# Gluing riccia to driftwood.



## Mikevwall (Jul 27, 2015)

I grow a lot of riccia and do not think that you would be able to glue it. go to Walmart and buy nylon mesh from the arts and crafts area for dirt cheap, a couple of bucks. You can wrap that around the riccia and driftwood.


----------



## Mikeygmzmg (Mar 19, 2015)

I tried riccia and ended up getting rid of it to my dismay 

I loved the look of it, but it was growing so fast in my tank that I couldn't keep up with the trimming.

The bottom sections of it decay as the top grows due to lack of light. When you try to pinch it or trim it, the loose pieces of it float around your tank like tiny pine needles.
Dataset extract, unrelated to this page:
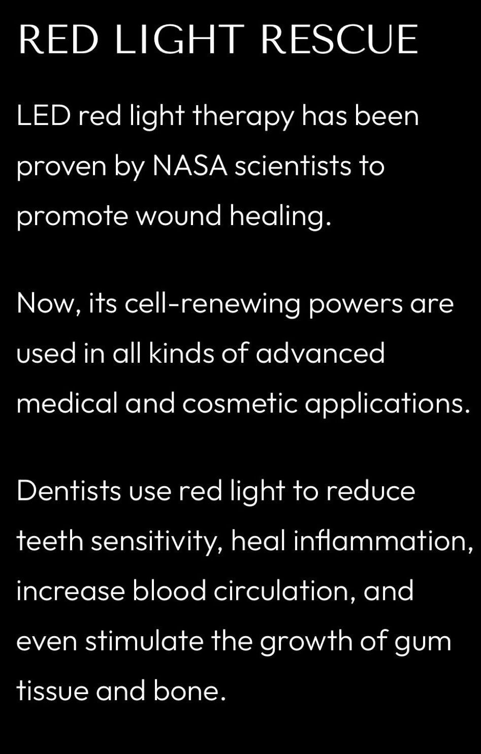 - Red light reduces gum inflammation, promotes healing and eases pain
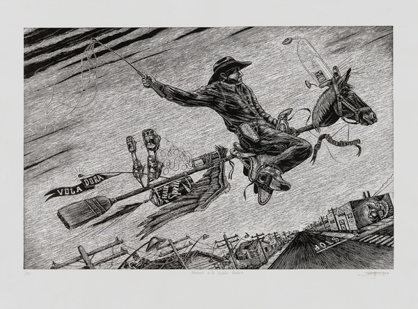 Juan de Dios Mora, Montando a la Escoba Voladora (Riding the Flying Broom), 2010, linocut, Smithsonian American Art Museum, Museum purchase through the Frank K. Ribelin Endowment, 2019.35.2, ©2019, Juan de Dios Mora

I would say to do the mesh net for sure and really stay on top of the pinching and pruning so it doesn't get too large. Once it gets larger it detaches and floats off into a million pieces.


----------



## bereninga (Mar 18, 2006)

Also, just a word of caution, once you introduce riccia to your tank it'll be in there FOREVER. It's very difficult to get rid of it completely. You'll always miss a tiny piece that's hiding.


----------



## thejoe (May 23, 2013)

I love the look of Riccia. I have it tied on rocks, and each week I take out the rocks it's tied on and trim it, and then place each of the rocks back in the tank. Lot of work but, for me the look of it is so good it is worth it.


----------



## Scott Hall (Mar 29, 2016)

Thank you all so much for the riccia advice. I guess on some of the driftwood pieces, I'll use java moss, and stick to glue. What are some other 'different' looking mosses to try that will adhere well with glue? I'll have to find a good home for the tub of riccia I just ordered.
*(I understand riccia isn't a 'moss', and is a floating plant, but I love the look of it when it's tied, or netted to driftwood, I just don't have the dexterity to tie it down properly without wanting to throw things or punch holes in walls)


----------



## dpod (Sep 16, 2014)

Depends what you're looking for in terms of growth. There's Pellia or "wave moss", Fissidens species, christmas, peacock, flame, and weeping mosses, and many more. Check the plant lists on the site and see what's offered in the For Sale section to get some ideas.


----------